**HOW TO COMPLETE THIS TASK:**
Sort through the listing below and keep each line with the word "your". Copy those.

**RECORDS SUPPLIED:**
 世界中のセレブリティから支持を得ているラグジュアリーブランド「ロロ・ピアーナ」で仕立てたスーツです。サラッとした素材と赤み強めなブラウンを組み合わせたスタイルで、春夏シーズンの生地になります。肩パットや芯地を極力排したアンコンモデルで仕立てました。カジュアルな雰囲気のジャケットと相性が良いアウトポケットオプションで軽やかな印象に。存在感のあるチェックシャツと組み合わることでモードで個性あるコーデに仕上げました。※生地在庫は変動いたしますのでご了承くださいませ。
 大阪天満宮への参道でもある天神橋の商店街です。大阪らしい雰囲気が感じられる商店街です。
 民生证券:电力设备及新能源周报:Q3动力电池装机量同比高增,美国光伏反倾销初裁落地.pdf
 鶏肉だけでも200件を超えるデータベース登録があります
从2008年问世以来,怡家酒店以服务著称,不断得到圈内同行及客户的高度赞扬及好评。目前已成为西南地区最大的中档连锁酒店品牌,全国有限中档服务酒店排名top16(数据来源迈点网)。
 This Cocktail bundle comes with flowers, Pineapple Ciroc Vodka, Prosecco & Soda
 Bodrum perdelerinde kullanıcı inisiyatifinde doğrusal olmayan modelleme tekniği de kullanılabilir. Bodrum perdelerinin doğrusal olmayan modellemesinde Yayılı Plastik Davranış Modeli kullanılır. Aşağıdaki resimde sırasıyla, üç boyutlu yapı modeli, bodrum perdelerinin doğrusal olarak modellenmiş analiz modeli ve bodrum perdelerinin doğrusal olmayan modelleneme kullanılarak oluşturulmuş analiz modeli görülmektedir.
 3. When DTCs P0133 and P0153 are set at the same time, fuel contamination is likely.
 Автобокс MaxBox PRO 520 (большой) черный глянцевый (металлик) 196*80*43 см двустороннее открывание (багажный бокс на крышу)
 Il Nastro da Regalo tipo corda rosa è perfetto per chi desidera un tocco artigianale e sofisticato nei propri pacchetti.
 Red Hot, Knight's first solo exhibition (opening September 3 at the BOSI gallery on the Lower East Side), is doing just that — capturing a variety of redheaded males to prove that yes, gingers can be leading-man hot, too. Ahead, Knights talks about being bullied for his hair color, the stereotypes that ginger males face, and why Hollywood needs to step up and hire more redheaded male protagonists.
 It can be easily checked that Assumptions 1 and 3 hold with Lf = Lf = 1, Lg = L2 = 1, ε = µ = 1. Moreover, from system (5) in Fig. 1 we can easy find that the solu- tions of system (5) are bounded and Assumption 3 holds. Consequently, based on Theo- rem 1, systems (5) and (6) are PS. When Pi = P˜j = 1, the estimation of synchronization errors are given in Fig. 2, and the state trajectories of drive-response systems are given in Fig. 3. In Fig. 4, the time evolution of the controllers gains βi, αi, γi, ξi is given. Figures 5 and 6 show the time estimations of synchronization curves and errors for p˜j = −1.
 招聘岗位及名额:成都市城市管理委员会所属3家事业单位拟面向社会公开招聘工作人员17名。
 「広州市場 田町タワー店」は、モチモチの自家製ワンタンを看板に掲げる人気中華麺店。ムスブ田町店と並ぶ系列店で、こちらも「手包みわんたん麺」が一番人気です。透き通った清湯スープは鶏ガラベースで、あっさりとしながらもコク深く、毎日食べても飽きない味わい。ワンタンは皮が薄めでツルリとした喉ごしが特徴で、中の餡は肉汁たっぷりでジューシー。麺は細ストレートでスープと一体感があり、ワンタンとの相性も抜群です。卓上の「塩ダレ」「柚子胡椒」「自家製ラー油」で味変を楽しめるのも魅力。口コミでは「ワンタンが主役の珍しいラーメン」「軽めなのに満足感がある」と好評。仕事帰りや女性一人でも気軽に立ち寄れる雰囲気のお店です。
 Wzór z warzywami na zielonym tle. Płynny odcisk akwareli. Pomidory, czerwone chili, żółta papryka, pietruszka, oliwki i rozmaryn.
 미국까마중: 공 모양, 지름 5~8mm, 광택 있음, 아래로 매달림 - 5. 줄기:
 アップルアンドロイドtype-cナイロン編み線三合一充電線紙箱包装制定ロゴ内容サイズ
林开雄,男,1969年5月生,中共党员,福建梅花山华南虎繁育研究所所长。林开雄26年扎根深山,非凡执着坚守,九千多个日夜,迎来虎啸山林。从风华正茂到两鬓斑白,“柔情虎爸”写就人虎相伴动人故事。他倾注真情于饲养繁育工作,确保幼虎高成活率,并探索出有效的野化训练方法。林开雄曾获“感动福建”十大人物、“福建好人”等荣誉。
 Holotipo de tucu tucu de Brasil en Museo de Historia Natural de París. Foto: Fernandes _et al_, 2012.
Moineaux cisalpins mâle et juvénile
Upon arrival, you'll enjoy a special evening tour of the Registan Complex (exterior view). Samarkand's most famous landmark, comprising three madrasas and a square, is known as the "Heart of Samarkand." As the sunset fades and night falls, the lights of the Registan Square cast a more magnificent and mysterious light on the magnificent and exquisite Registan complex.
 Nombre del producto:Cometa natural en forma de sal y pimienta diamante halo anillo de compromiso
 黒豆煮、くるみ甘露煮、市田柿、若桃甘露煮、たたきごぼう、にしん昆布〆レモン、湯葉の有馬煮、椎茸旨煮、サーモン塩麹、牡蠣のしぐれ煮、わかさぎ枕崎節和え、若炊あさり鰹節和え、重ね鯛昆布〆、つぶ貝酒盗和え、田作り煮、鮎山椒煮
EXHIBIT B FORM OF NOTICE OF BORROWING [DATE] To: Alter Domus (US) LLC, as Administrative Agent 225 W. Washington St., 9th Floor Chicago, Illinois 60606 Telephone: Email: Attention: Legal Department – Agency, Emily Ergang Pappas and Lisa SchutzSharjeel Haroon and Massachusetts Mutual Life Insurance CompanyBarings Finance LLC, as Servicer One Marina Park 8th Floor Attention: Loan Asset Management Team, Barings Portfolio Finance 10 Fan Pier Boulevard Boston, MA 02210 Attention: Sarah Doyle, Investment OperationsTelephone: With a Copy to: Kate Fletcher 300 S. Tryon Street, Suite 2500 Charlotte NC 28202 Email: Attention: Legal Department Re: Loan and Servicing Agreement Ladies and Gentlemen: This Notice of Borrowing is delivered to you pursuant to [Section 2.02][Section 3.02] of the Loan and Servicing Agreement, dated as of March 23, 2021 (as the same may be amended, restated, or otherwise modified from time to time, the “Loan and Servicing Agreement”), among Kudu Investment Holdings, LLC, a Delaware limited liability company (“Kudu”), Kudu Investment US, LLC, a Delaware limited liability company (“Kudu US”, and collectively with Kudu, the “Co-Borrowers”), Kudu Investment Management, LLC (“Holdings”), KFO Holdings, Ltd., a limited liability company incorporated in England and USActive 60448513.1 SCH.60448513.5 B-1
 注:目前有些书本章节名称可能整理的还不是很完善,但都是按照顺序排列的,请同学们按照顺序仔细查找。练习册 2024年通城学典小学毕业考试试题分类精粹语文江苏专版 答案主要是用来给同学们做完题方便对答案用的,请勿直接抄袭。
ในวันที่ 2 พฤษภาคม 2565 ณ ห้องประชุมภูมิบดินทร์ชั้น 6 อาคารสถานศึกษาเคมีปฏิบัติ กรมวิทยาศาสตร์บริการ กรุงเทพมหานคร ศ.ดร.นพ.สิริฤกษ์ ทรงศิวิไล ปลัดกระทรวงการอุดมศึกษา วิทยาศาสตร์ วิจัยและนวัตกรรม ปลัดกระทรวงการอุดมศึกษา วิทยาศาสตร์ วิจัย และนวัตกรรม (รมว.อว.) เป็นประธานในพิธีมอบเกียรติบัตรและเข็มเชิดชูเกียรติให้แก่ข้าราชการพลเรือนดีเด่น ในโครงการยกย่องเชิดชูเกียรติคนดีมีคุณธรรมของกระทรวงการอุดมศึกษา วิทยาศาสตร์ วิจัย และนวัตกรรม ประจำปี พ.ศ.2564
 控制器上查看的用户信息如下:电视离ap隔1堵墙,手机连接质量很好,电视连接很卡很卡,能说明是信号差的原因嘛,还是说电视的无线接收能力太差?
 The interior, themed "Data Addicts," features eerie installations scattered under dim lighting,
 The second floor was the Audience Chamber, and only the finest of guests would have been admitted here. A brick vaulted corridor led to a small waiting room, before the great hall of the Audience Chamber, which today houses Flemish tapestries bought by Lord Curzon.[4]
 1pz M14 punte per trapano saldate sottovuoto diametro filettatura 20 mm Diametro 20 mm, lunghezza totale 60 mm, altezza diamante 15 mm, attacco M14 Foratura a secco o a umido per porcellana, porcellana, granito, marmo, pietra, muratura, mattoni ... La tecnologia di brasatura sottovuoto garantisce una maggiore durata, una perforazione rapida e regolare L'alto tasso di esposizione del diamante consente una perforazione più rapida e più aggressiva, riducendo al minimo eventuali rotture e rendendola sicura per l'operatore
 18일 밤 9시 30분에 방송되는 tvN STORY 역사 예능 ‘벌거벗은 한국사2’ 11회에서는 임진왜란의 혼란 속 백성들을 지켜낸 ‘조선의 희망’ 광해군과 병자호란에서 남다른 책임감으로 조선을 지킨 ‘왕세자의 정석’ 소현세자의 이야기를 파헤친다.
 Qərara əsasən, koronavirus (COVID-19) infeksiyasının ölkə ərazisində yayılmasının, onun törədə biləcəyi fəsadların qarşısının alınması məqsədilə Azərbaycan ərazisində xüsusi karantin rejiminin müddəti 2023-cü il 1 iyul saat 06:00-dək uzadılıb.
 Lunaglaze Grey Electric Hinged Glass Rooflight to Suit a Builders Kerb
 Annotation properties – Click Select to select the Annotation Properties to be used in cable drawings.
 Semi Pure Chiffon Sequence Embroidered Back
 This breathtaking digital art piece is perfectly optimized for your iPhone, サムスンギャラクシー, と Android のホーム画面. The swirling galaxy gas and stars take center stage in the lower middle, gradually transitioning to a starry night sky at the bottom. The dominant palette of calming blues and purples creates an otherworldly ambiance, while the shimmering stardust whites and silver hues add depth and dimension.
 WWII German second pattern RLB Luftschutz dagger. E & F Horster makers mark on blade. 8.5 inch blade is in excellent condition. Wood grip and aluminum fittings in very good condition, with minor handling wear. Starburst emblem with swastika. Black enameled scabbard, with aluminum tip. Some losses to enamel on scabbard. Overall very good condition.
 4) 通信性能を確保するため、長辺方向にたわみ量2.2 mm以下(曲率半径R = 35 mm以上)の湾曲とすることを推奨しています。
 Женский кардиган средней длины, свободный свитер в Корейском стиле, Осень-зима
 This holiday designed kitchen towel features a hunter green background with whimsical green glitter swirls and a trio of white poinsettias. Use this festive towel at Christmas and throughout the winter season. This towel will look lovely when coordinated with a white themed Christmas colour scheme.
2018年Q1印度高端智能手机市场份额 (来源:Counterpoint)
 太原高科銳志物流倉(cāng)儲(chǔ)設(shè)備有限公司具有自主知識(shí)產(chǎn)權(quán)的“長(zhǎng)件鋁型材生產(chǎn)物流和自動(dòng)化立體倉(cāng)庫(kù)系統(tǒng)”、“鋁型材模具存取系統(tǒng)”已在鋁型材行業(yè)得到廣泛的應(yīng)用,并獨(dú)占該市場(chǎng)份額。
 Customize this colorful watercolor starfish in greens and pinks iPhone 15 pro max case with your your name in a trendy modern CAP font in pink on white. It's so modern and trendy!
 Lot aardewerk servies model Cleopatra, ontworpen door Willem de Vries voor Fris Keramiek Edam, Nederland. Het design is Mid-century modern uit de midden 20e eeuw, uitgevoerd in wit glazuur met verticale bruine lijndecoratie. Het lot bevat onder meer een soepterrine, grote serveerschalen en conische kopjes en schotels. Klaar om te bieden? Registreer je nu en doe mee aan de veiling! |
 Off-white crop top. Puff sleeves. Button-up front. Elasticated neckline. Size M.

**EXERCISE SOLUTION:**
 This breathtaking digital art piece is perfectly optimized for your iPhone, サムスンギャラクシー, と Android のホーム画面. The swirling galaxy gas and stars take center stage in the lower middle, gradually transitioning to a starry night sky at the bottom. The dominant palette of calming blues and purples creates an otherworldly ambiance, while the shimmering stardust whites and silver hues add depth and dimension.
 Customize this colorful watercolor starfish in greens and pinks iPhone 15 pro max case with your your name in a trendy modern CAP font in pink on white. It's so modern and trendy!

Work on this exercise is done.